▶ **INPUT DATA**

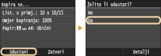 Dodirnite <Odustani> na zaslonu koji se prikazuje za vrijeme kopiranja
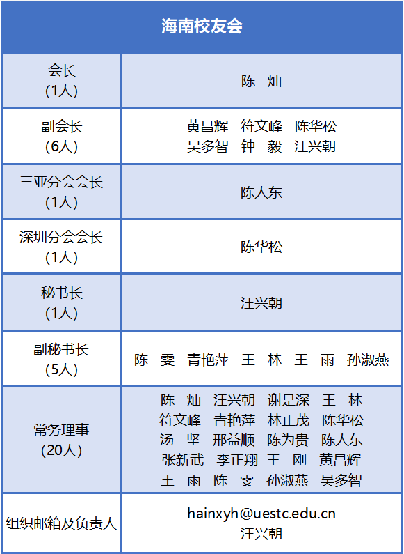 电子科技大学海南校友会于2013年在海口正式成立,是由早期在琼校友发起筹备的地区性校友组织。校友会以“情系母校、友谊长存、团结互助、携手共进”为宗旨,建立了由各年级代表组成的理事会、常务理事会及秘书处等组织架构,致力于搭建海南校友与母校及全球校友间的交流互助平台。在活动开展方面,校友会积极组织参与高校海南校友会羽毛球联赛、足球联赛等体育赛事并屡获佳绩,开展爱心捐款等公益活动,举办迎新会、读书会、户外旅行等文化交流活动,并组团参与母校校庆,全方位增强校友凝聚力。凭借卓越的表现,海南校友会于2016年被评为电子科技大学“优秀校友会”,并多次荣获海南省文体部门颁发的“文化体育事业发展特殊贡献奖”,现已成为海南地区成电校友传承母校文化、推动事业共同发展的精神家园和重要合作平台。
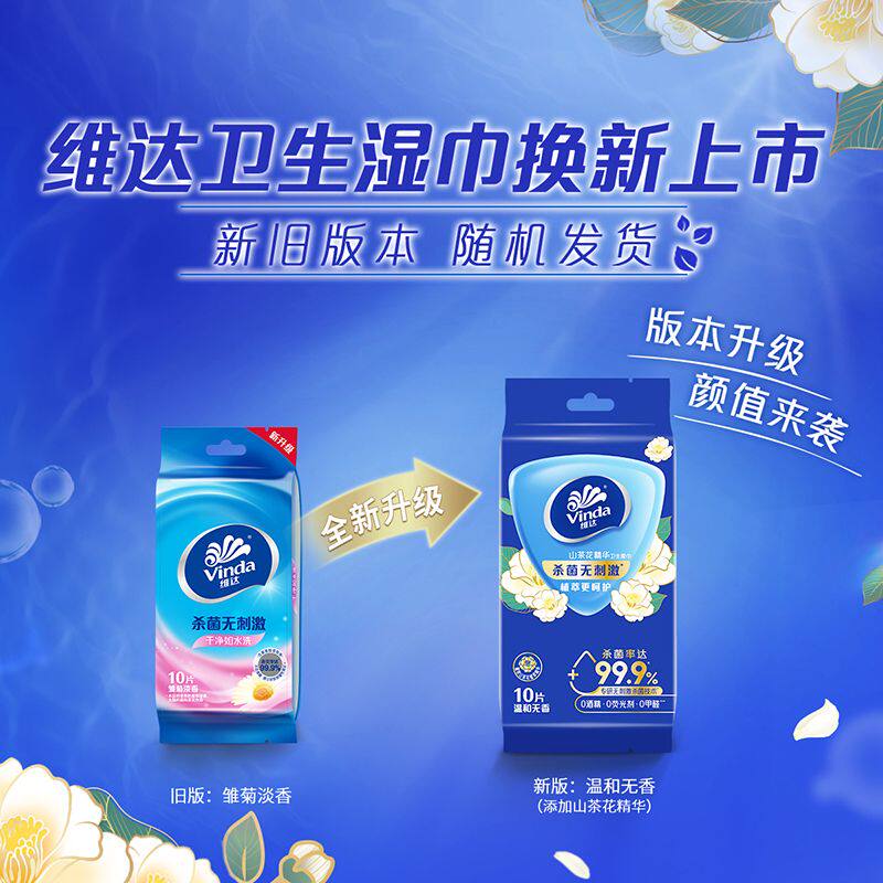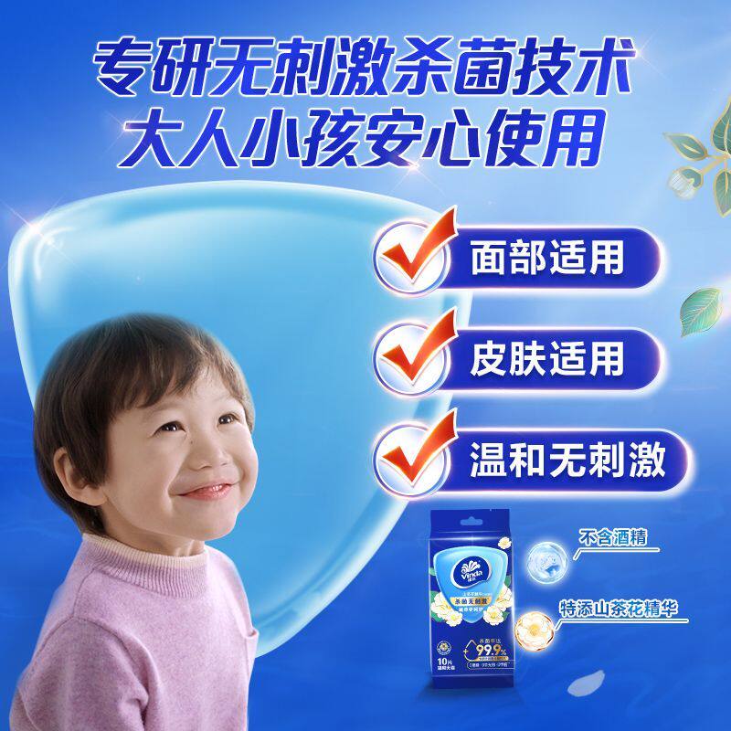 维达湿巾山茶花杀菌独立小包装湿纸巾随身便携式外出湿巾清洁卫生
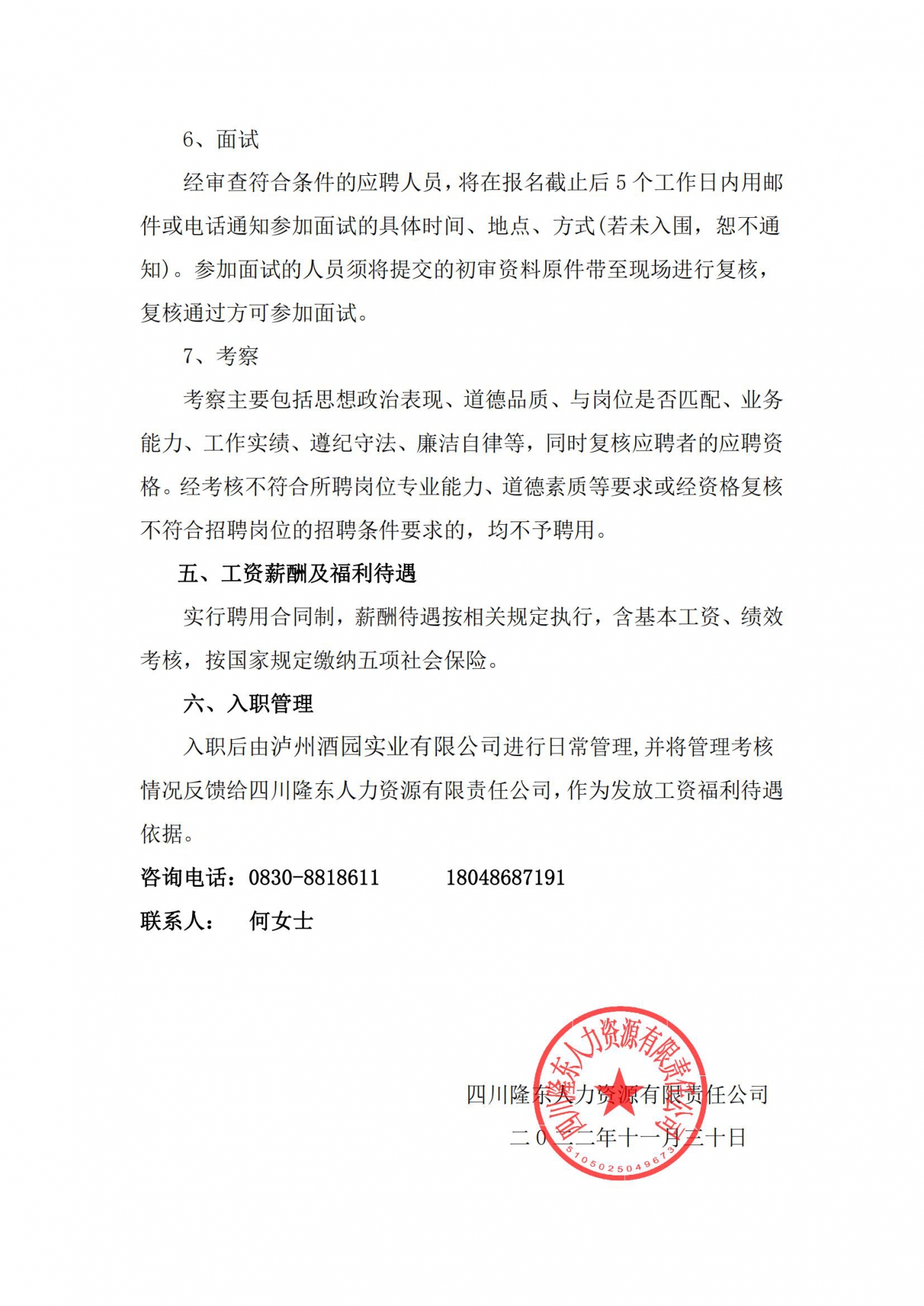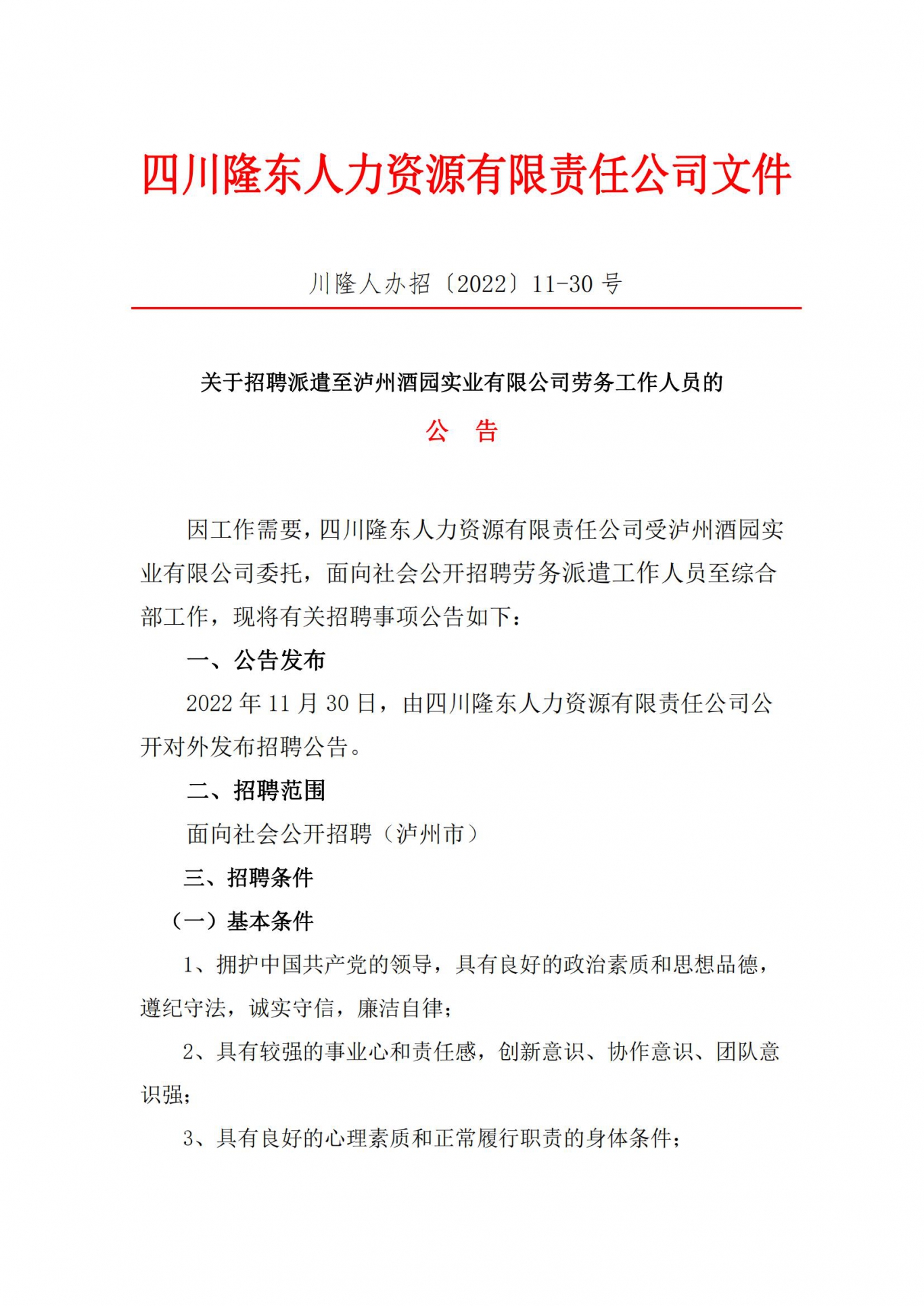 關(guān)于招聘派遣至瀘州酒園實業(yè)有限公司勞務(wù)工作人員的公告

▶ **EXERCISE DESCRIPTION**
Where the line containing "维达湿巾山茶花杀菌独立小包装湿纸巾随身便携式外出湿巾清洁卫生" appears in the data above, begin there and output every line through the last, exactly and without pictures.

▶ **EXERCISE SOLUTION**
 维达湿巾山茶花杀菌独立小包装湿纸巾随身便携式外出湿巾清洁卫生
 關(guān)于招聘派遣至瀘州酒園實業(yè)有限公司勞務(wù)工作人員的公告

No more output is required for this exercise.